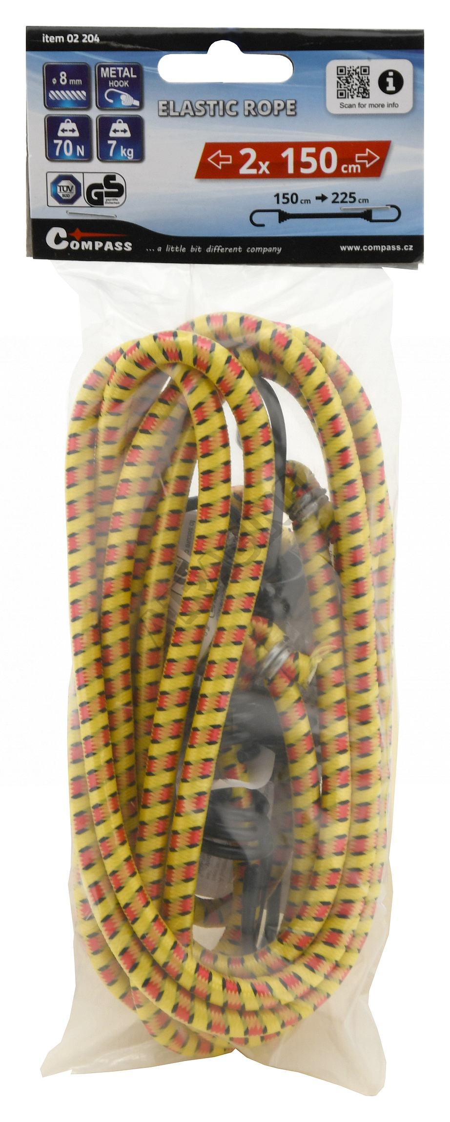 Upínač pružný TÜV/GS 2x150cm Kvalitné pružné upínače zakončené kovovými hákmi. Balen
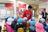 年長児さんは、鹿嶋遠足に行きました。潮来駅で自分で切符を購入し、電車に乗って鹿嶋駅まで。ただ、あいにくの雨が降っていたので,アントラーズのクラブハウスに行きました。練習は終わってしまっていましたが、スタッフの方にお願いして、アントラーズのキーパーの川俣選手(No.29)とおしゃべりして、一緒に記念撮影も撮って頂きました。
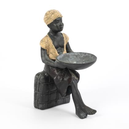 Auf einem senkrecht stehenden, verschnürten Paket sitzende Figur mit Turban, die eine Schale in den Händen hält
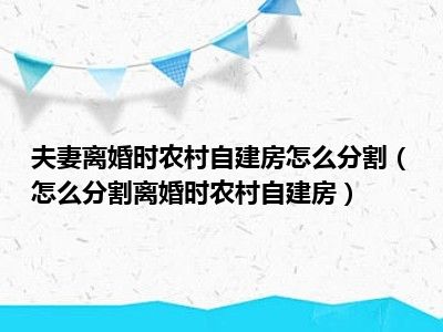目前大家应该是对怎么分割离婚时农村自建房比较感兴趣的,所以今天CC就来为大家整理了一些关于怎么分割离婚时农村自建房方面的相关知识来分享给大家,希望大家会喜欢哦。
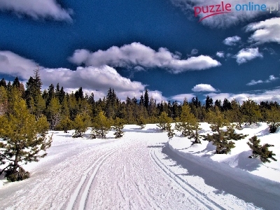 Puzzle Chmury, Las, Droga, Zima
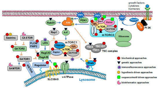 In addition to the powerful biochemical protein purification approaches, key mTOR signaling components were also identified by genetic approaches in yeast, Drosophila, and mammalian cells as detailed below.

═══

PROBLEM STATEMENT » Produce a verbatim copy of all records, minus pictures.

EXERCISE RESULT »
 Upínač pružný TÜV/GS 2x150cm Kvalitné pružné upínače zakončené kovovými hákmi. Balen
 年長児さんは、鹿嶋遠足に行きました。潮来駅で自分で切符を購入し、電車に乗って鹿嶋駅まで。ただ、あいにくの雨が降っていたので,アントラーズのクラブハウスに行きました。練習は終わってしまっていましたが、スタッフの方にお願いして、アントラーズのキーパーの川俣選手(No.29)とおしゃべりして、一緒に記念撮影も撮って頂きました。
 Auf einem senkrecht stehenden, verschnürten Paket sitzende Figur mit Turban, die eine Schale in den Händen hält
目前大家应该是对怎么分割离婚时农村自建房比较感兴趣的,所以今天CC就来为大家整理了一些关于怎么分割离婚时农村自建房方面的相关知识来分享给大家,希望大家会喜欢哦。
 Puzzle Chmury, Las, Droga, Zima
 In addition to the powerful biochemical protein purification approaches, key mTOR signaling components were also identified by genetic approaches in yeast, Drosophila, and mammalian cells as detailed below.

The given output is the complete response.